As soon as the line was
clear, he called down to the second floor and asked if Bonsuan had come back
yet. The pilot was just coming in, and Brunetti asked that he come up to his
office.

 

A few minutes later,
Danilo Bonsuan came into Brunetti’s office. Rough-hewn and robust, he looked
like a man who lived on the water but who would never think of drinking the stuff.

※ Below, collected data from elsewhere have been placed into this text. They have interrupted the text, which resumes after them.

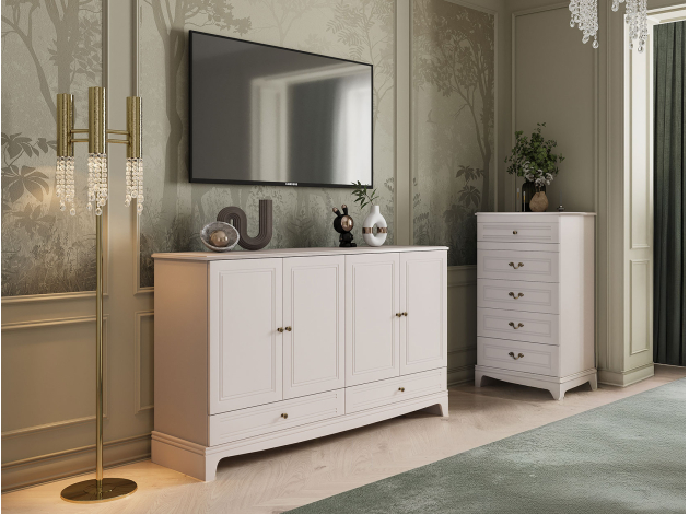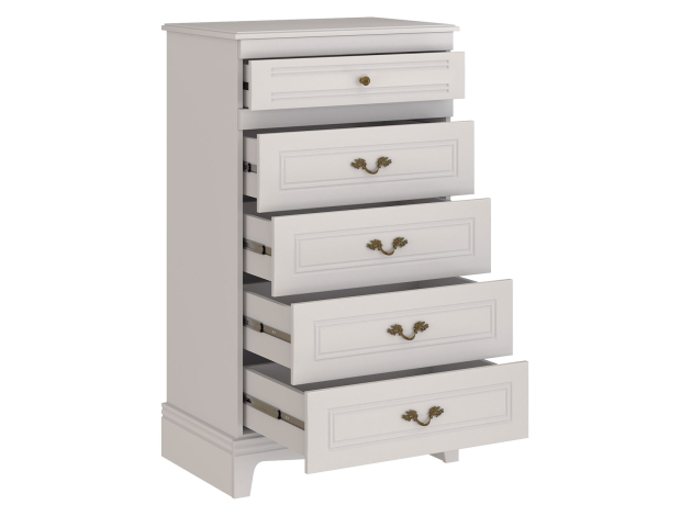 Комод Вилора 5 ящиков расширит возможности для хранения и станет стильным акцентом интерьера. Высокая модель идеально подойдет для небольшого пространства. Фасады украшены элегантными рамками и изящными ручками, которые подчеркивают классический дизайн мебели. Выдвижные ящики открываются на полную глубину, обеспечивая быстрый доступ к необходимым вещам.
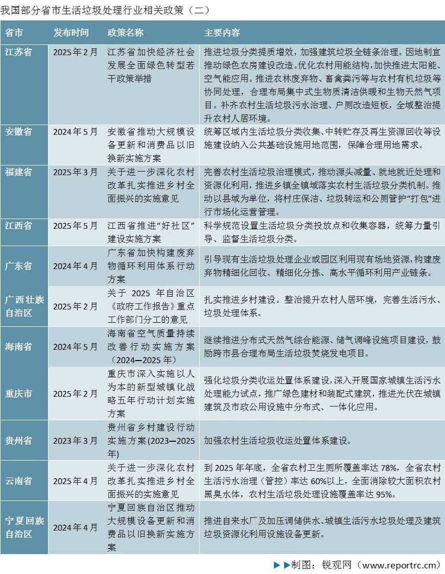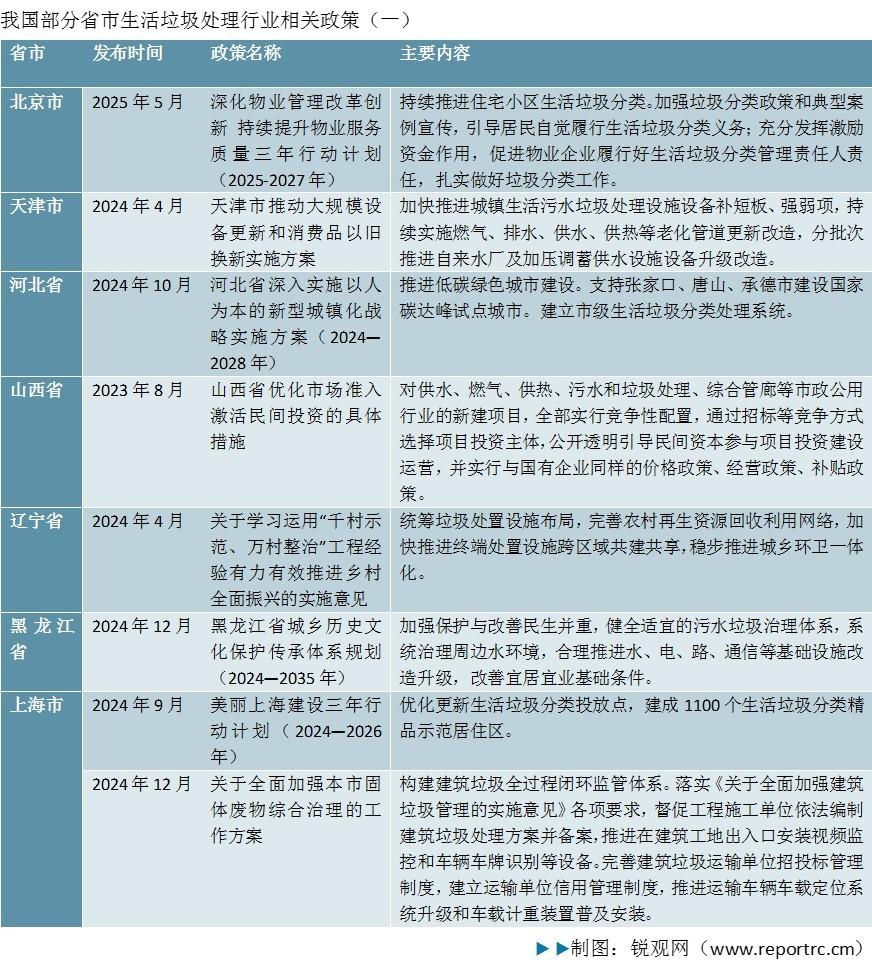 我国各省市积极响应国家政策规划,立足本地实际,对生活垃圾处理行业发展做出具体规划,通过因地制宜的政策举措,支持行业稳定发展。?
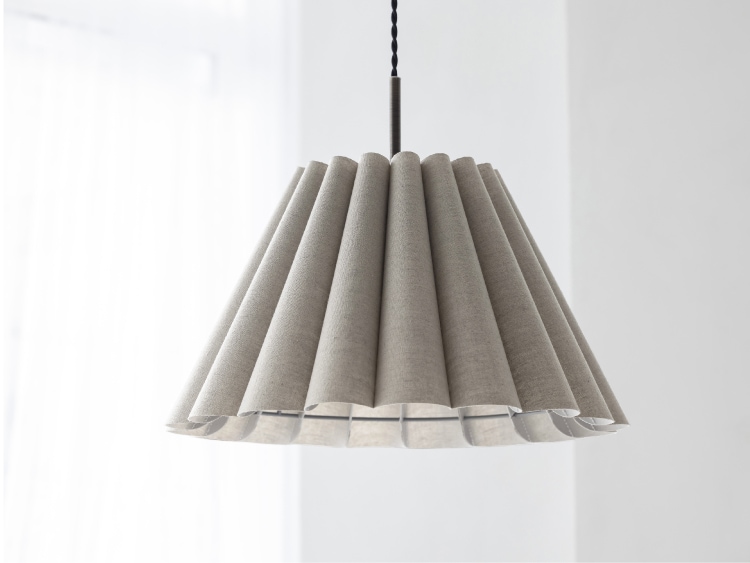 柔らかなドレープがゆったりと広がるビンテージライクなペンダントライト。 反復する膨らみと谷間が光のグラデーションを生み、立体的なフォルムと共に空間をシックに演出します。
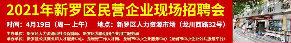 為了服務(wù)新羅區(qū)民營企業(yè)的用工需求,促進(jìn)進(jìn)城務(wù)工人員就業(yè),穩(wěn)定就業(yè)形勢,新羅區(qū)人力資源和社會保障局、新羅區(qū)龍雁組團(tuán)企業(yè)用工服務(wù)局?jǐn)M舉辦“2021年新羅區(qū)民營企業(yè)現(xiàn)場招聘會”。一、活動時間:2021年4月19日(星期一 上午8:30-12:00)
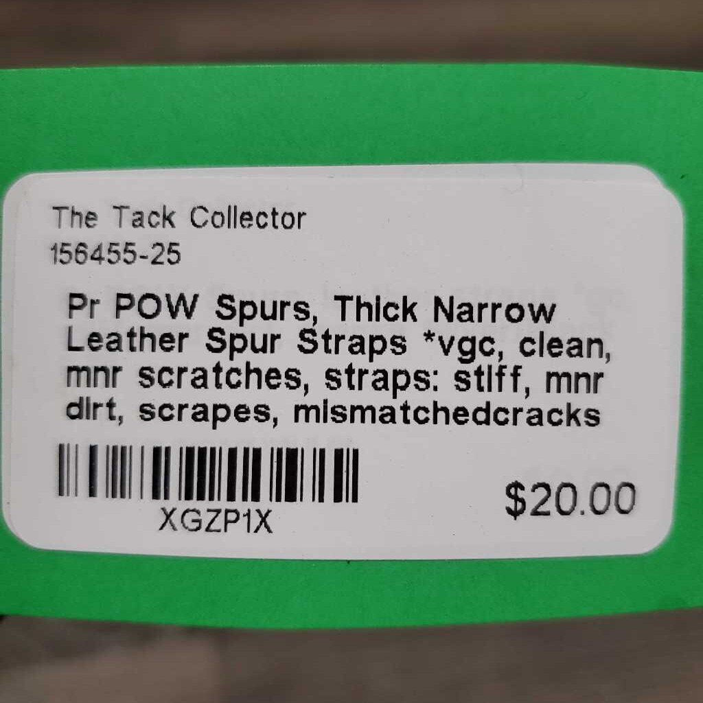 Pr POW Spurs, Thick Narrow Leather Spur Straps *vgc, clean, mnr scratches, straps: stiff, mnr dirt, scrapes, mismatchedcracks
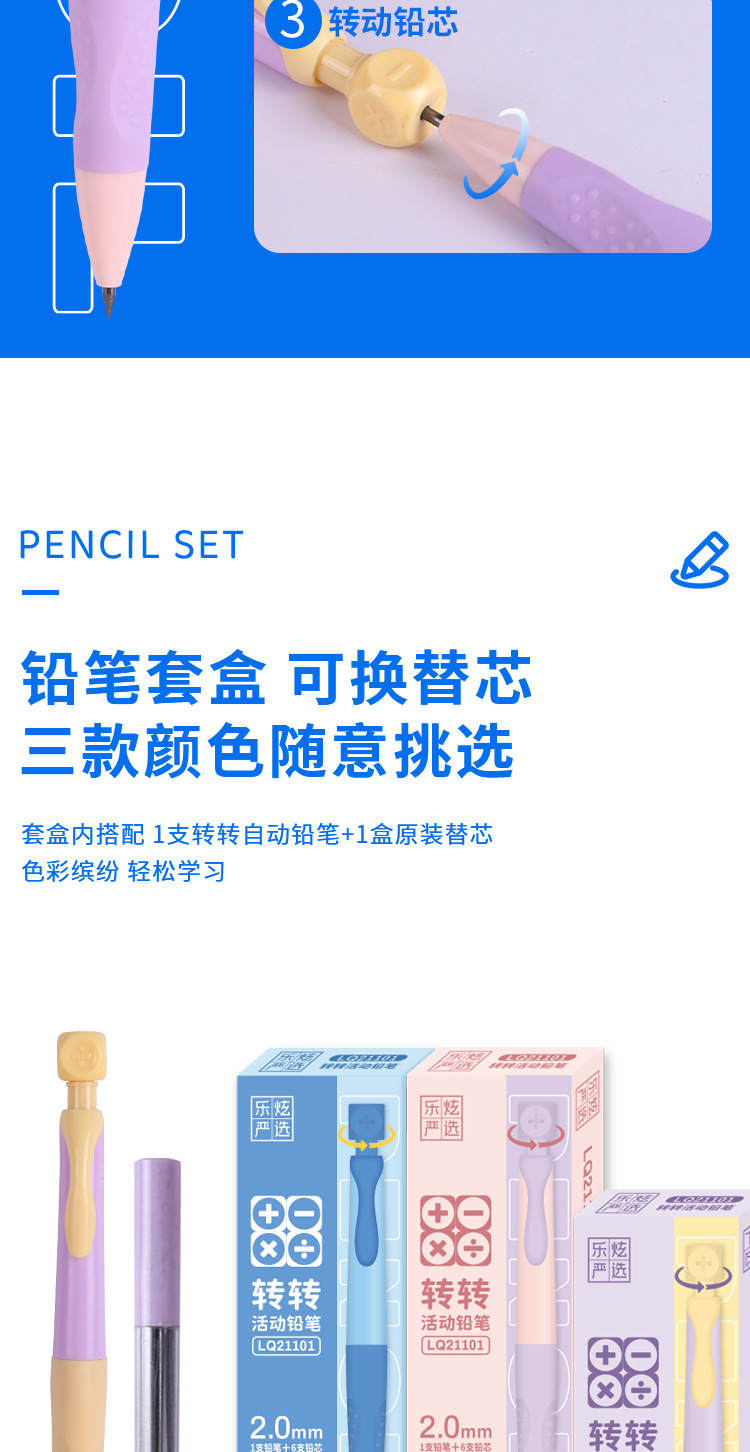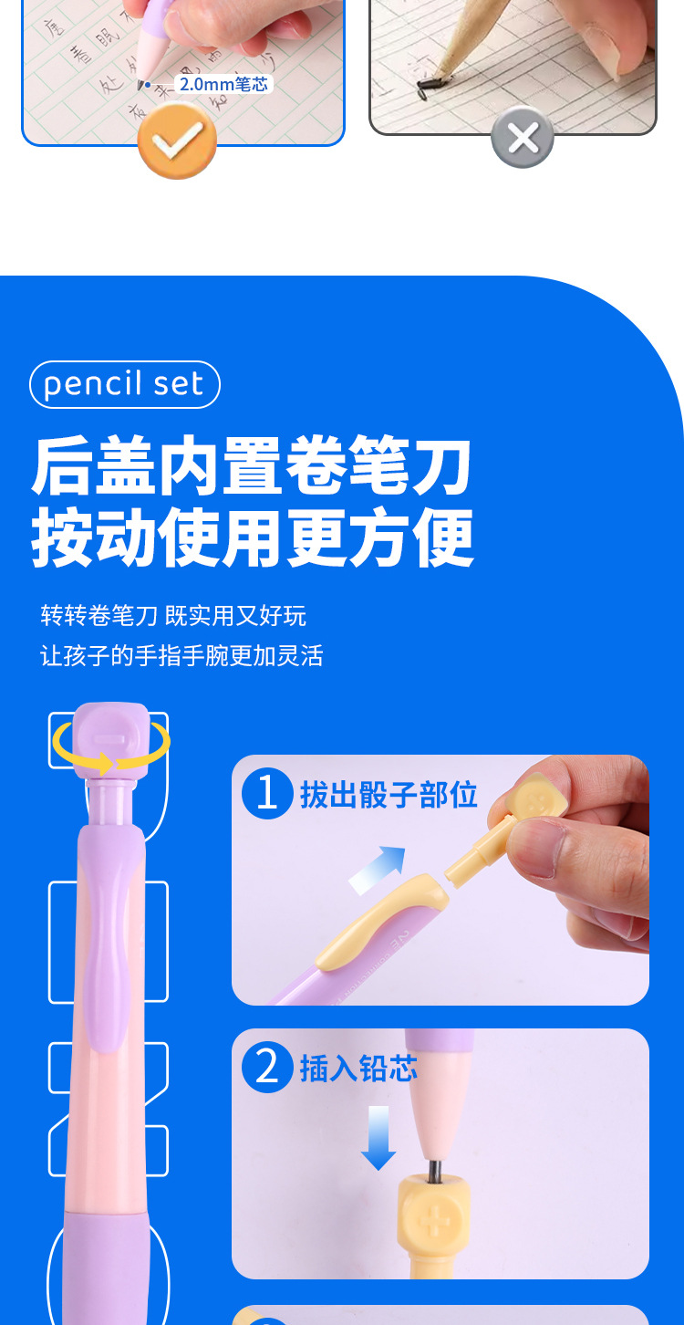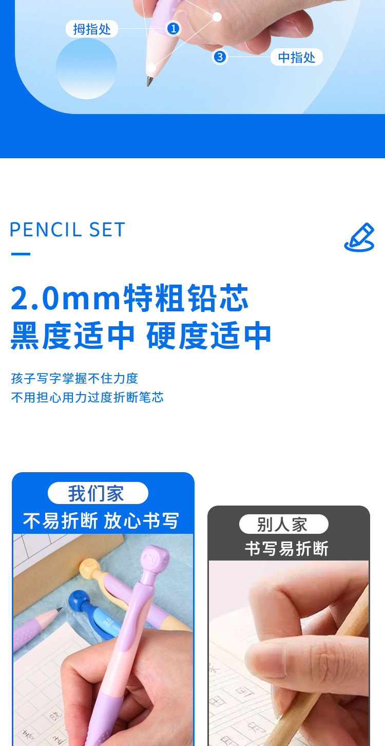 초등학생 2.0 두꺼운심 자동연필, 어린이 캘리그라피 연습용, 깎지 않고 연속연필, 고급스러운 HB 검정펜스토어 가기

Brunetti pointed to the chair in front of his desk. Bonsuan lowered himself
into the chair, stiff-jointed after decades on board and around boats. Brunetti
knew better than to expect him to volunteer information, not because he was
reluctant but simply because he didn’t have the habit of speaking unless there
was some practical purpose to be served by doing so.